Re: Handle infinite recursion in logical replication setup - Mailing list pgsql-hackers

From Jonathan S. Katz
Subject Re: Handle infinite recursion in logical replication setup
Date
Msg-id 957e1b95-7dcd-a880-3cf4-7a2f7b7cbe97@postgresql.org
Whole thread Raw
In response to Re: Handle infinite recursion in logical replication setup  (vignesh C <vignesh21@gmail.com>)
Responses Re: Handle infinite recursion in logical replication setup  (Amit Kapila <amit.kapila16@gmail.com>)
List pgsql-hackers
On 9/12/22 1:23 AM, vignesh C wrote:
> On Fri, 9 Sept 2022 at 11:12, Amit Kapila <amit.kapila16@gmail.com> wrote:
>>
>> On Thu, Sep 8, 2022 at 9:32 AM vignesh C <vignesh21@gmail.com> wrote:
>>>
>>>
>>> The attached patch has the changes to handle the same.
>>>
>>
>> Pushed. I am not completely sure whether we want the remaining
>> documentation patch in this thread in its current form or by modifying
>> it. Johnathan has shown some interest in it. I feel you can start a
>> separate thread for it to see if there is any interest in the same and
>> close the CF entry for this work.
> 
> Thanks for pushing the patch. I have closed this entry in commitfest.
> I will wait for some more time and see the response regarding the
> documentation patch and then start a new thread if required.
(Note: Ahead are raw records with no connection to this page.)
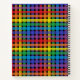 Abstract digital art of lighter coloured rainbow stripes outlined by the thinner solid colour, then crisscrossed to make it appear plaid-like, against a black background.
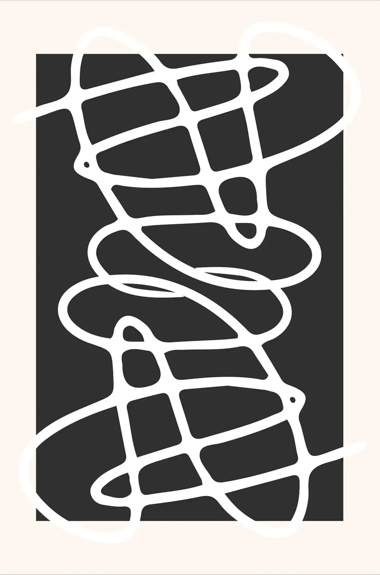 The seemingly spontaneous strokes invite a contemplative look, drawing the viewer into a labyrinth of curves and lines. The simplicity of the color scheme lends the piece a dramatic and modern feel, perfect for contemporary spaces looking for a touch of abstract expressionism. It’s an artful accent that complements a minimalist décor or adds a creative spark to a more traditional setting.
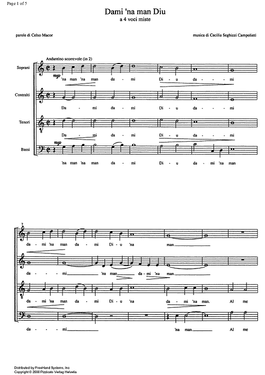 "Dami 'na man Diu" Sheet Music by Cecilia Seghizzi Campolieti
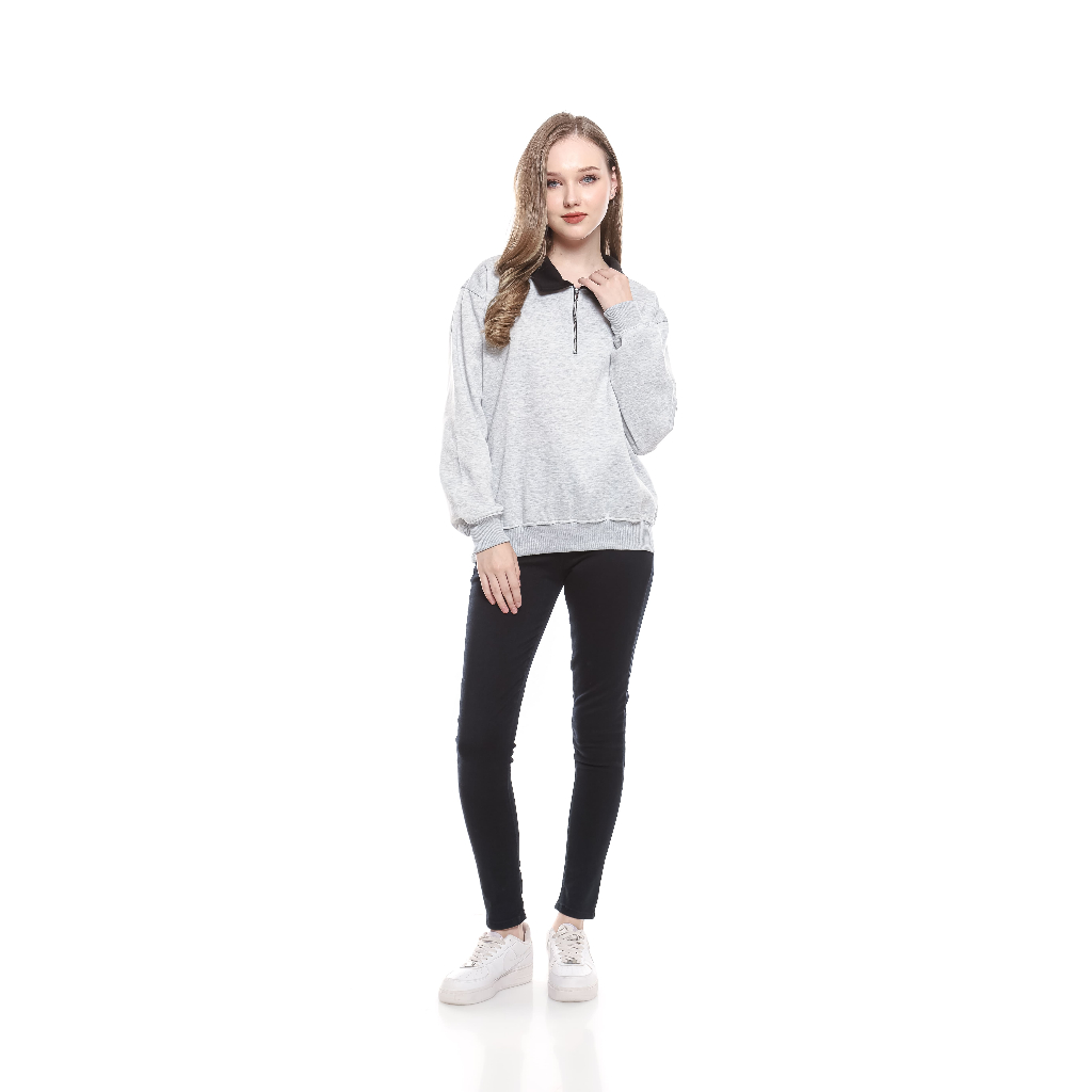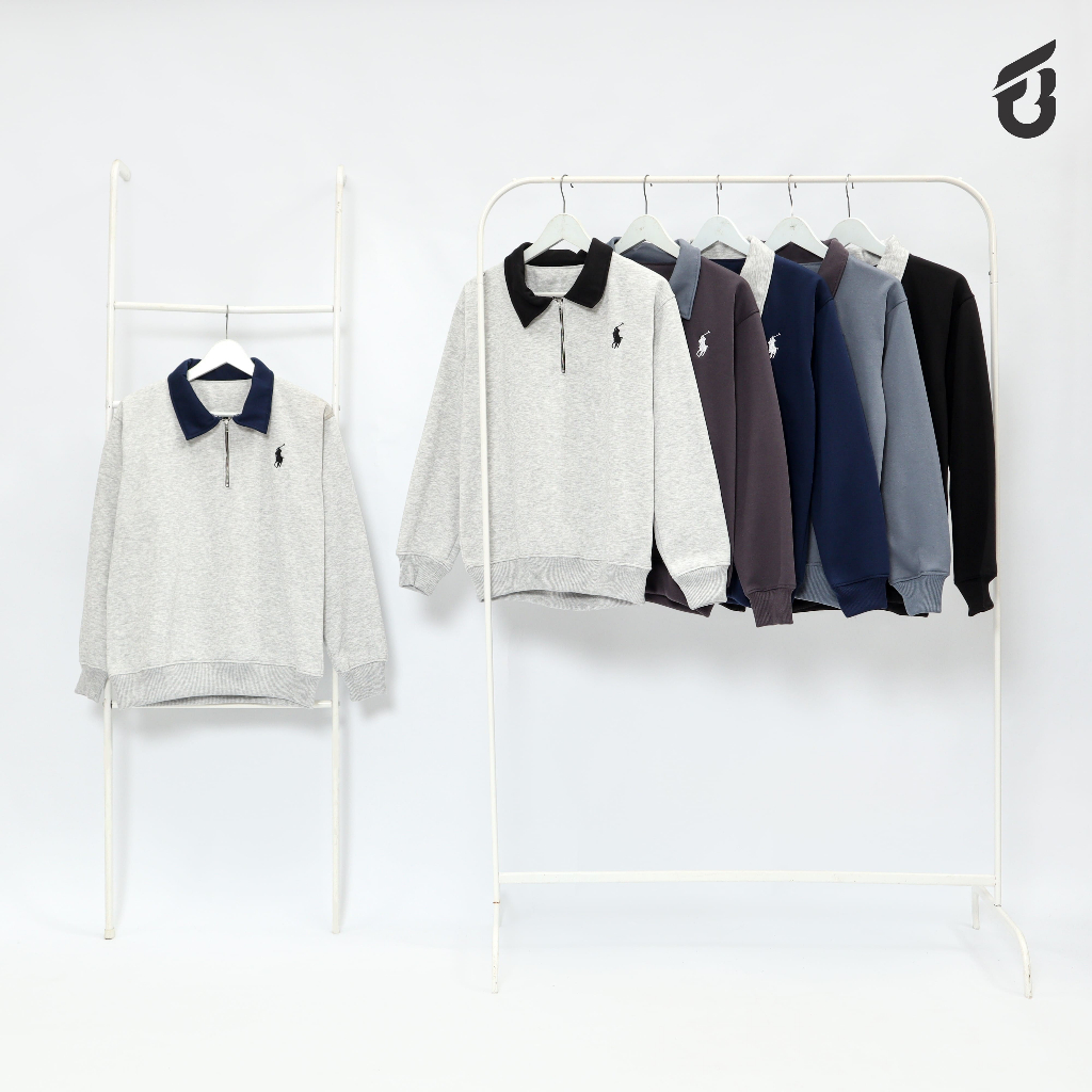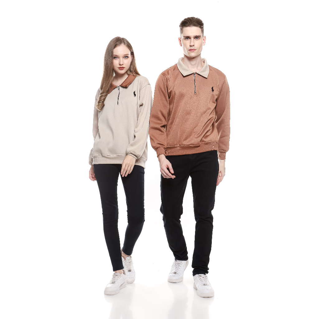 Sweater Crewneck Half Zipper Rugby Kerah Kombinasi Logo Bordir Premium Fleece High Quality Couple Pria Wanita Casual Len
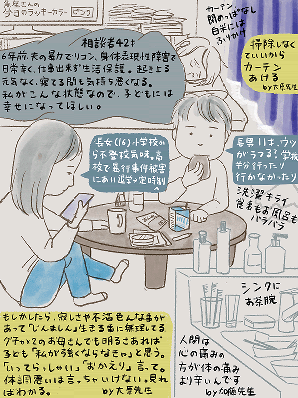 うつ病の一種、身体性表現障害で仕事できず生活保護受けている。病気抱えながら、なるべくふつうのきちんとしたお母さんに近づけるにはどうしたら?という42歳女性のご相談。
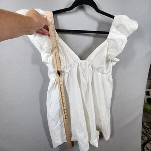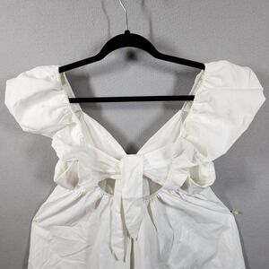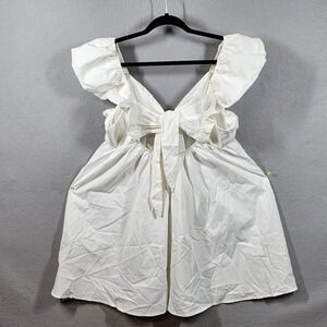 SHEIN X Dress Womens Large White Ruffle Sleeve Tie Back Mini Babydoll Style
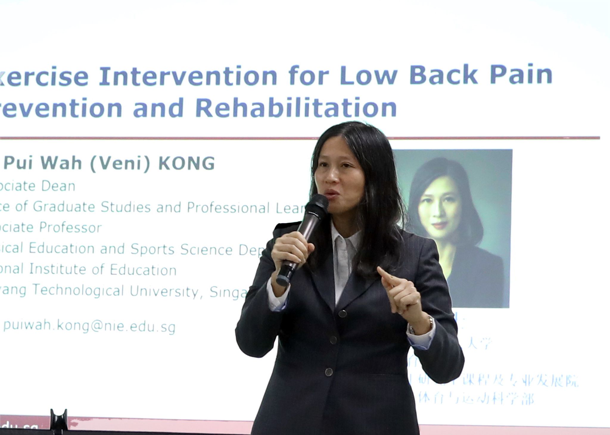 2024年10月18日上午,公司邀请新加坡南洋理工大学国立教育学院副经理KONG PuiWah教授做了题为“Exercise Interventions for Low Back Pain Prevention and Rehabilitation”的学术报告,本次学术报告由李海伟教授和刘晓旭博士主持,部分教师和全体研究生聆听报告会。
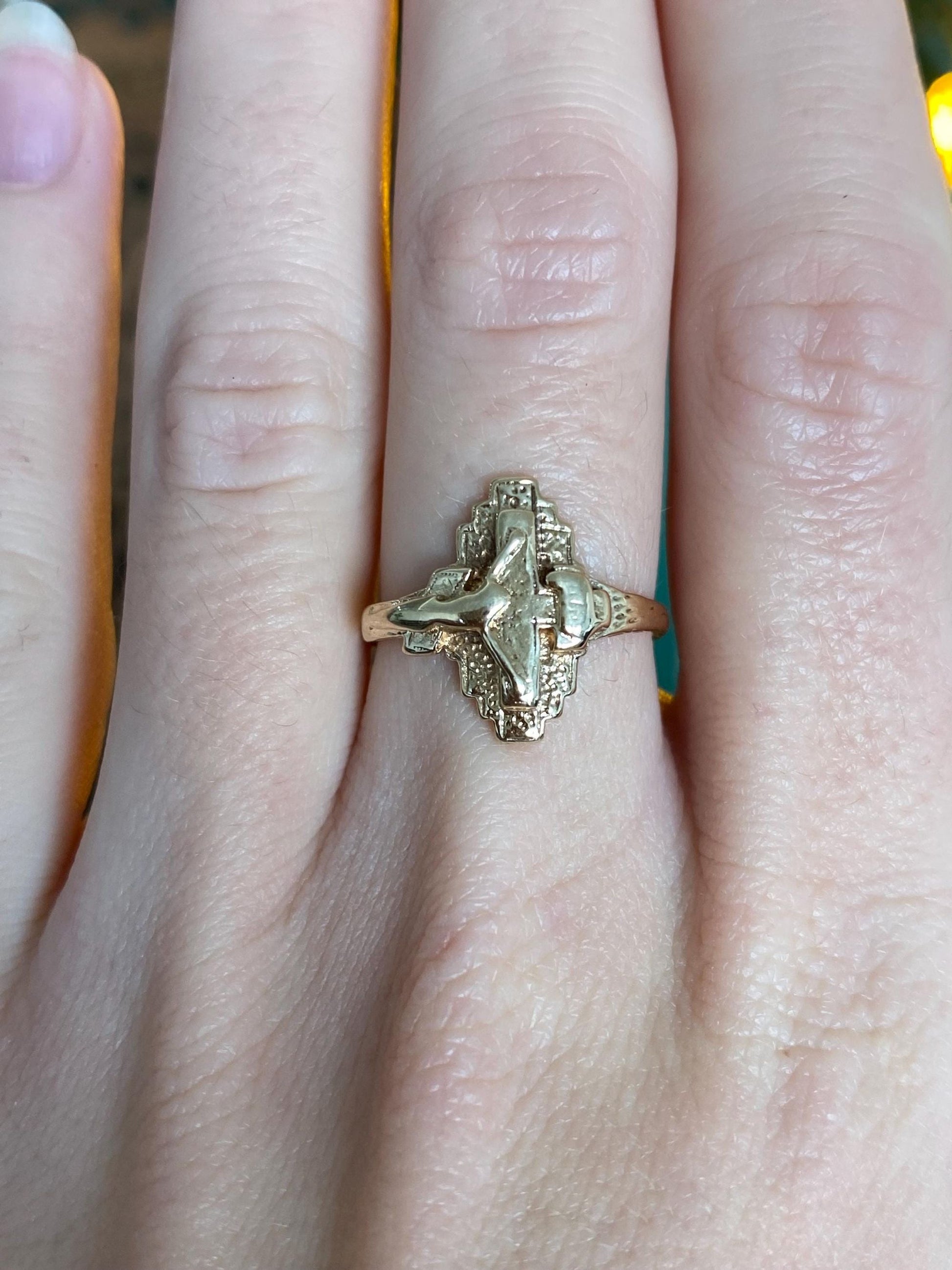 Vintage Solid 10k Yellow Gold Crucifix Cross Ring - Size 6.25

I've been testing this patch in advancing of working on the 
documentation and came across a behavior I wanted to note. Specifically, 
I am hitting a deadlock while trying to synchronous replicate between 
the two instances at any `synchronous_commit` level above `local`.

Here is my set up. I have two instances, "A" and "B".

On A and B, run:

   CREATE TABLE sync (id int PRIMARY KEY, info float);
   CREATE PUBLICATION sync FOR TABLE sync;

On A, run:

   CREATE SUBSCRIPTION sync
   CONNECTION 'connstr-to-B'
   PUBLICATION sync
   WITH (
     streaming=true, copy_data=false,
     origin=none, synchronous_commit='on');

On B, run:

   CREATE SUBSCRIPTION sync
   CONNECTION 'connstr-to-A'
   PUBLICATION sync
   WITH (
     streaming=true, copy_data=false,
     origin=none, synchronous_commit='on');

On A and B, run:

   ALTER SYSTEM SET synchronous_standby_names TO 'sync';
   SELECT pg_reload_conf();

Verify on A and B that pg_stat_replication.sync_state is set to "sync"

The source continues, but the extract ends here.